> **Information shown**

※

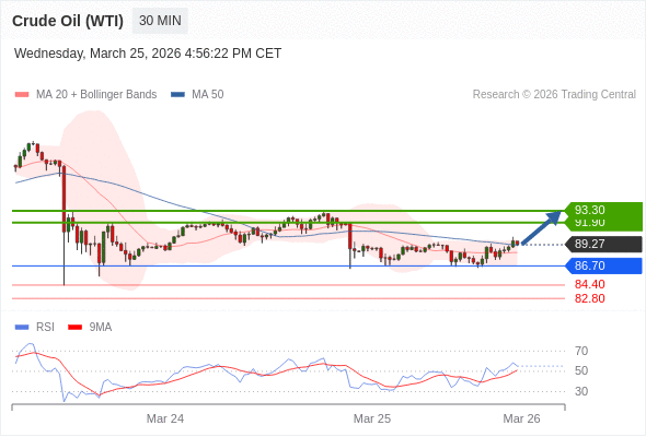 在 86.70 之上,看涨,目标价位为 91.90 ,然后为 93.30 。
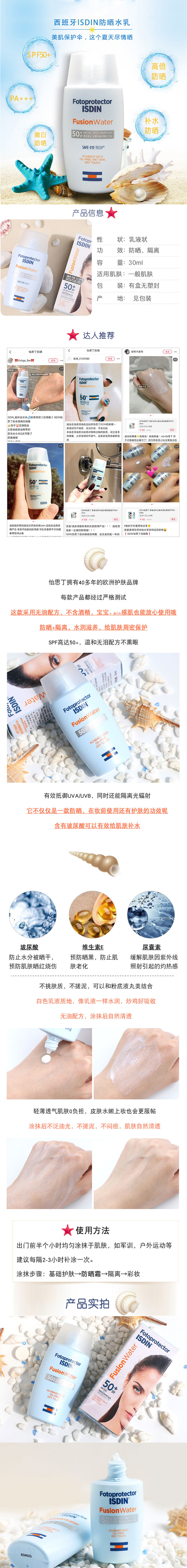 【现货】西班牙ISDIN怡思丁防水隔离防晒霜SPF50海边面部防晒乳50-60ml
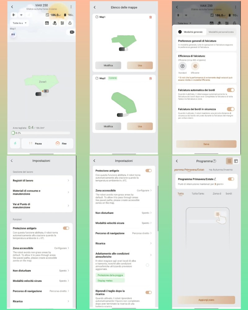 This balance comes from the system’s ability to read the environmental context. The ViAX 250 does not operate according to a rigid schedule: it can monitor local weather conditions and adapt its mowing behavior based on seasonal periods. Through the app, different programs can be set for wetter seasons or drier periods, when grass grows more slowly, helping preserve lawn health.
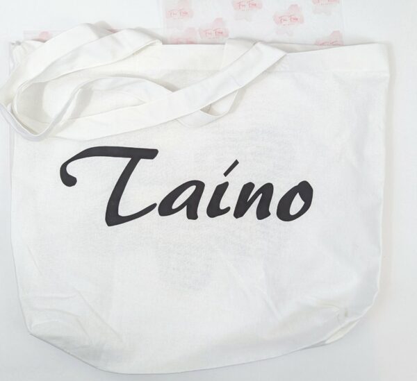 ¡Hola amigos! Are you looking for a cool and unique tote bag that screams style and eco-friendliness? Look no further! Introducing the white cotton tote bag with the Taino Sun Petroglyph on one side and the word “Taino” on the other side, exclusively available here at Fui Fuio by Ktna!

※

> **Task prompt**
The expected result is the complete listing above, printed exactly, with no pictures.

> **Result for this task**
 在 86.70 之上,看涨,目标价位为 91.90 ,然后为 93.30 。
 【现货】西班牙ISDIN怡思丁防水隔离防晒霜SPF50海边面部防晒乳50-60ml
 This balance comes from the system’s ability to read the environmental context. The ViAX 250 does not operate according to a rigid schedule: it can monitor local weather conditions and adapt its mowing behavior based on seasonal periods. Through the app, different programs can be set for wetter seasons or drier periods, when grass grows more slowly, helping preserve lawn health.
 ¡Hola amigos! Are you looking for a cool and unique tote bag that screams style and eco-friendliness? Look no further! Introducing the white cotton tote bag with the Taino Sun Petroglyph on one side and the word “Taino” on the other side, exclusively available here at Fui Fuio by Ktna!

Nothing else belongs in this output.